OK, international license is a piece of crap. Besides, mine had actually already expired in Jan. The license needs to be translated by OFFICIAL TRANSLATION AGENCY. I call. $50 RMB. Rip-off, I want to go steal their stupid stamp. In 2 degree weather I take more bus, subway, walking, bus, find the dingy agency, and get the glorious piece of paper that states my California license is a license from California.
Back, at least for some reason (right after Chinese New Year Holiday) I thought it would be crazy busy but there is no one on this day. I finally can register for the exam, and after some pleading I get it scheduled in 5 days.
From the online introduction I guess it also comes in English, French and Spanish. I would not bother with the English version since any difference between this and what I already know about driving would just be more confusing. I have to pretend I am driving on Mars.
Some problems are completely outrageous, and most are laughable, but I don’t have time to take this twice, so I start crunching numbers like “DUI–6 points, drunk driving–12 points.

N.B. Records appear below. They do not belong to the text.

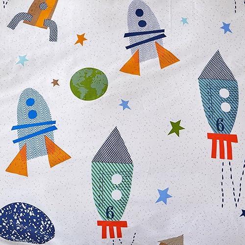 YASMENG Housse de Couette 140x200 Enfant Motif Fusée Planète Parure de Lit Enfant 100% Coton Réversible Linge de Lit Cartoon pour Enfants Garçons avec Fermeture Éclair avec Taie d'oreiller 65x65 cm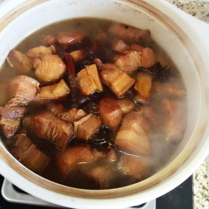 锅内加少许油煸炒,加葱姜蒜,花椒数粒,八角一个红辣椒干一个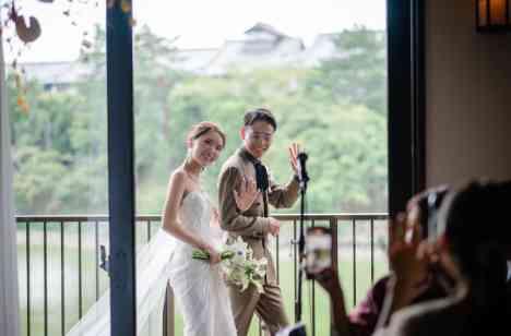 おふたりが選ばれたのはまだまだ緑豊かな初秋の頃。会場から見える四季折々の景色をみんなにも楽しんで欲しい。そんなおふたりが選ばれたお色直しのご入場は緑溢れるテラスから。会場の扉に目線を向けていたゲストの皆様はおふたりの思惑通りに騙され、そんな驚きの表情に満足するような笑顔で手を振りながらみなさまの元へ。

Injured someone–3 to 7 years sentence, killed someone–7 years and above”.
Man, talk about meaninglessness. I actually learned a a few things, such as what those crazy inverted triangles on the road mean (a pedestrian crossing is coming up). The traffic cop’s gestures are impossible and I brutally memorize them.
The allowed test time is 45 minutes. After about 9 minutes, I am done. After another 9 minutes of forcing myself to check because I REALLY DON’T WANT TO COME BACK, I hit the “submit” button on the computer. “Congratulations, your score was 100.” Sigh, medical school remnant skill persists.